Most GRNs fall in this category nowadays. You can see LINGER (see Figure 6.43), which basically follows the same logic as in SCENIC+ but instead uses a deep-learning approach to predict relations between TFs and enhancers on target genes, as one of many examples.

Figure 6.43: From Yuan and Duren (2024).

6.9 So… what do you do with the GRN?

  • Generative modeling of cell types/states (Computational):
    In some sense, a GRN is a very fancy “correlation matrix” of sorts. This means if you had the GRN, you could hypothetically label cells better since you could: 1) see the cell’s gene expression profile, and 2) know beforehand the “correlation” between genes. With these two ingredients, you could calculate a better “likelihood” a given cell corresponds to the cell type/state of this particular GRN.

  • Encoding longitudinal information about the cascading effect of perturbations (Computational, Biological):
    Since the gene network, in principle, encapsulates how events unfold in a cell, it (in some sense) contains longitudinal information. We typically call this a “cascade” (i.e., how changes in one genomic regions affect other genomic regions over time). See Ng et al. (2021). This is one of the main reasons people study GRNs. For instance, Fleck et al. (2023) subset the overall GRN to learn how the GRN changes during brain development. Bravo González-Blas et al. (2023) shows how using the GRN can improve upon our understanding of fate commitment during differentiation. L. Wang et al. (2023) explicitly models how time affects the GRN via an ordinary differential equation model (ODE). These are just to name a few methods that explicitly are thinking about how our learning of the GRN helps us better understand time dynamics.

  • Potential therapeutic targets (Biological):
    If you knew how the genomic cascade works, then hypothetically, you have roadmap on which genomic region to edit. This is basically the start of the motivation of CRISPR knockouts – if I knew how a particular transcription factor influences many downstream genes, then if I silence or knock out the particular gene producing that TF, then I could manipulate a lot of the transcriptomic activity (and allegedly, a lot of proteomics and biological processes). So the GRN gives me a roadmap on which TF might be a good candidate to knock out in order to prevent any deleterious pathways from activating.
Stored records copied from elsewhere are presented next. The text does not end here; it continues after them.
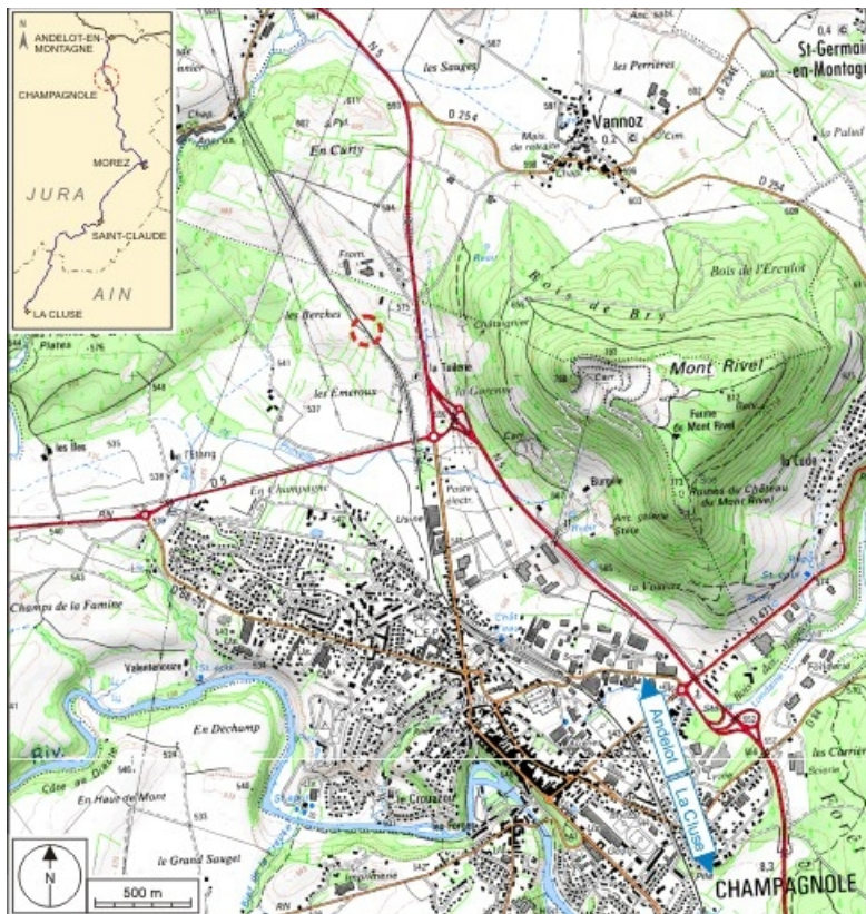
Carte et schéma de localisation. Carte topographique, IGN, 3326 Ouest Champagnole, 2001, échelle 1:25 000. Scan 25, licence n° 2008/CISE/2968.

39, Champagnole, lieudit : aux Essards de Salins
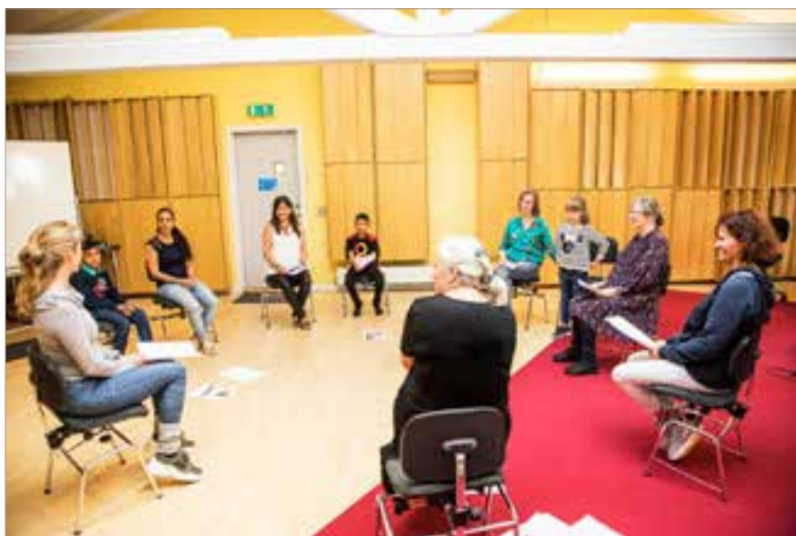
Sanggruppemøde omkring projektet "En tone i livet" på DJO
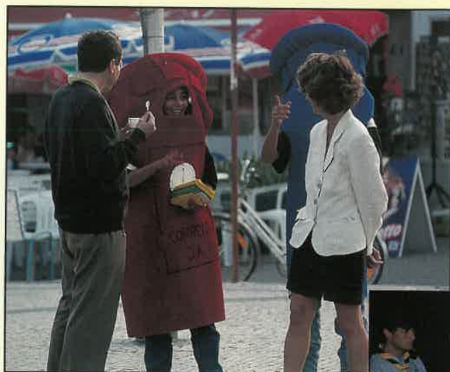
Acampamento Missionário - Peniche

Todos estes grupos têm objectivos comuns - a descoberta e o cuidado da natureza, o serviço em favor da comunidade e do mais desfavorecido, um estilo de vida, física e espiritual agradável a Deus. O seu
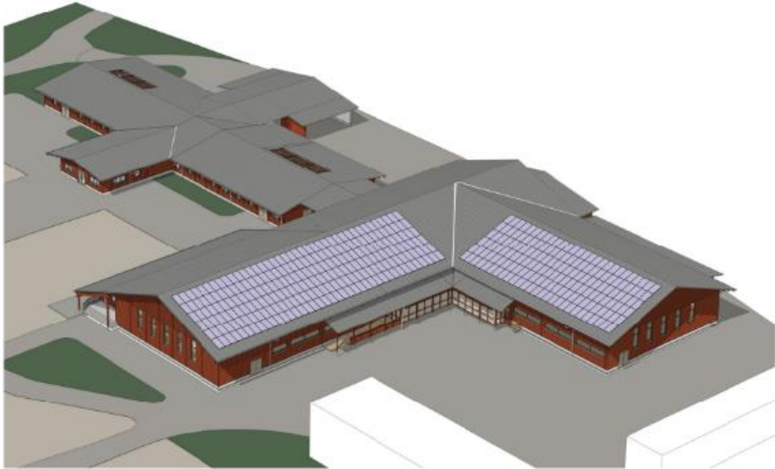
Planerad gestaltning, flygperspektiv från sydväst.

  • Understanding the functional impact of SNPs in non-coding regions (Computational, Biological):
    This will be a much bigger theme when we discuss SNPs in the next chapter, Section 7.1. Most of our SNPs are in non-coding regions, and we know that many of these SNPs have some potential effect on a disease from GWAS studies. However, it’s hard to know why these SNPs have a regulatory effect. By learning a GRN, we learn how different enhancer regions affect genes, so we might suspect that if a particular genetic variation lies in that enhancer region, the role of that SNP might be to impact that regulatory effect. (Technically, you need to do a massively parallelized report assay (MPRA, a different wetlab experiment) to actually demonstrate that the SNP actually impacts regulation. We’ll discuss this more later in Section 7.1.)
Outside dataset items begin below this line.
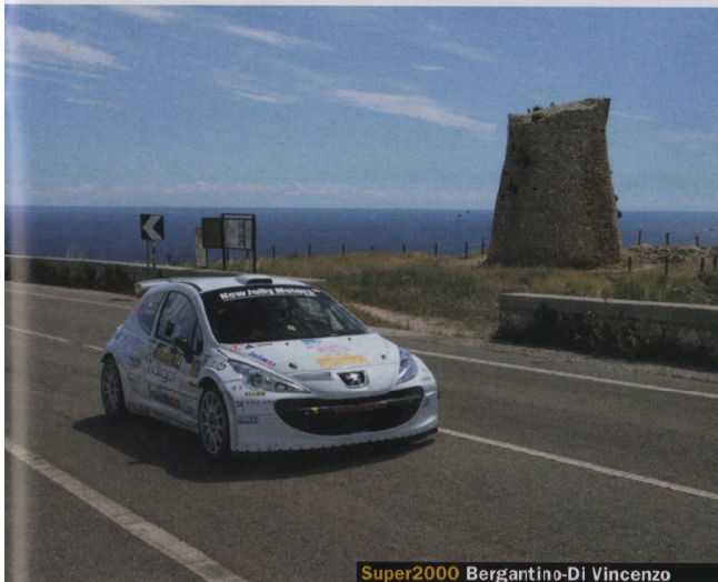
Super2000 Bergantino-Di Vincenzo
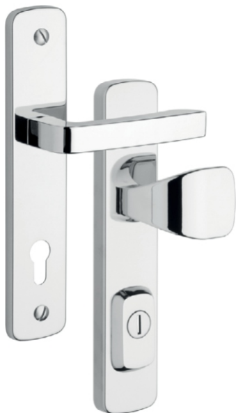
BEZPEČNOSTNÍ KOVÁNÍ ROSTEX R1 ASTRA (NEREZ MAT) KLIKA / MADLO
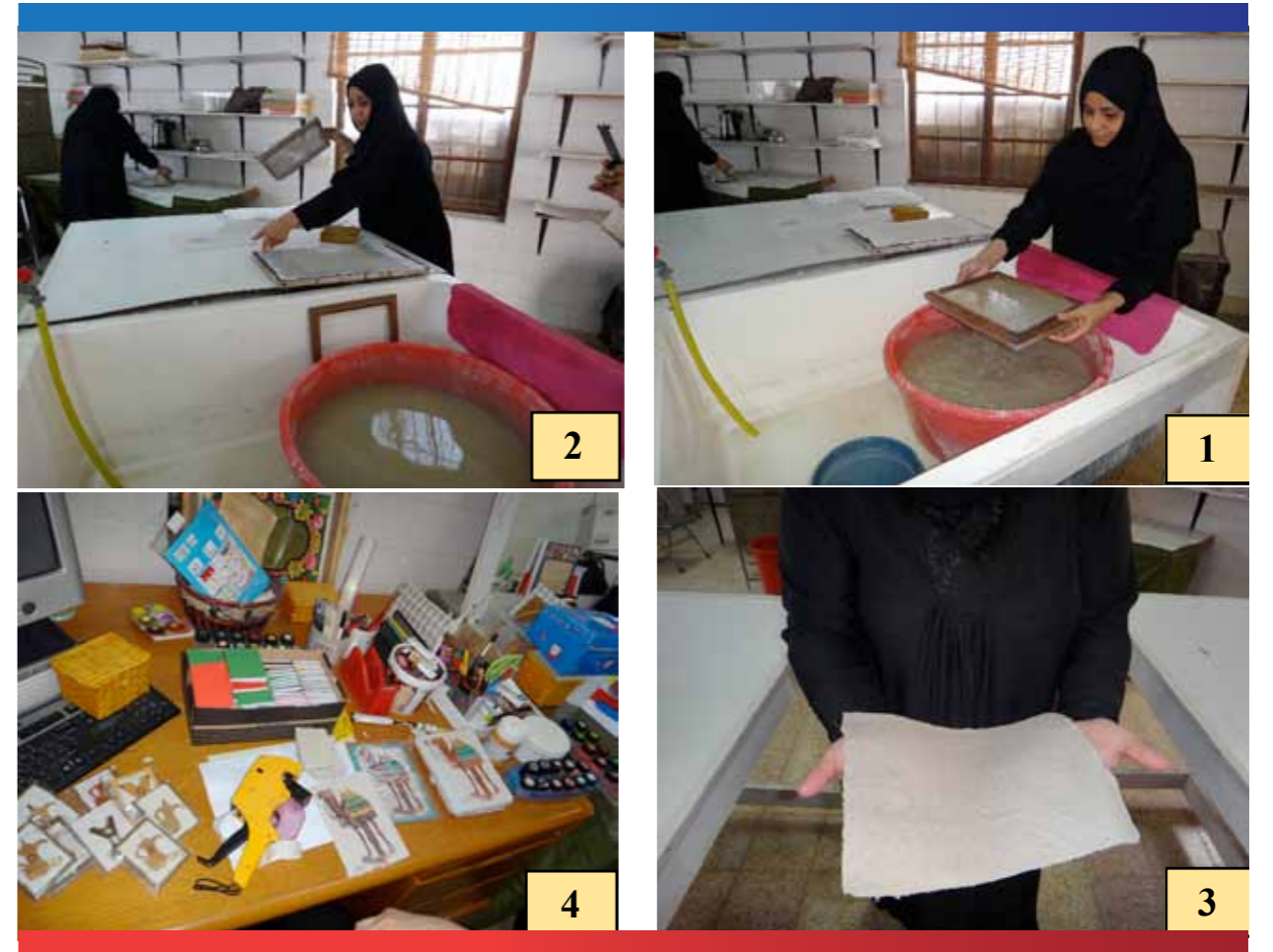
صناعة الورق من سعف النخيل - مراحل العمل بعد التجفيف
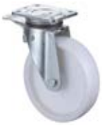
Zátěžová kola B10
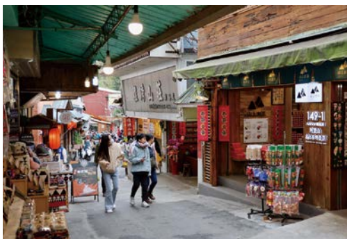
當居民成為林業軌道旅程的主人，鐵道便不再只是觀光動線，而是梳理社區再生、文化認同與生活韻味的溫暖脈絡。

  • Cellular memory (Biological):
    There is a long history of trying to understand if GRNs contribute to the “memory” of a cell. After all, you might ask about: if I stimulate a cell, if a cell is infected by a pathogen, etc., after this event subsides, does the cell “remember” what it just went through? There is no “brain” for the cell, so either you think: 1) cells are Markovian in some sense – they no memory of how it interacted with its environment, or 2) there is some long-term way for cells to alter something about itself to contribute to “memory.” This gets pretty fascinating biologically pretty quick. How would a cell even store memory? It’s likely not through the DNA is you don’t expect cells to naturally acquire many mutations in the DNA over time (hold that thought when we discuss Section 7.6). It’s likely not through the mRNA or proteins since both degrade, either on the time-scale of hours Y. Wang et al. (2002) or a couple days Rusilowicz-Jones, Urbé, and Clague (2022), respectively. Then, we turn to possibly something epigenetic. After all, DNA methylation can be inherited from one generation to another (not just on the cell level, but also on the organism level) Y. Zhang and Sirard (2021). So it is possible that GRNs (not quite about DNA methylation, but still epigenetic in flavor) are also stable enough (without extreme external stimuli) that they hold information about a cell’s memory? This is the premise of a lot of basic biology interest in GRNs, see Almeida et al. (2021) for example. For instance, there is preliminary evidence that stress changes the GRN of certain brain cells Ziegler et al. (2022). See Cha and Lee (2020) for a review of GRN in relation to diseases, or a focus on Alzheimer’s disease Gupta et al. (2022).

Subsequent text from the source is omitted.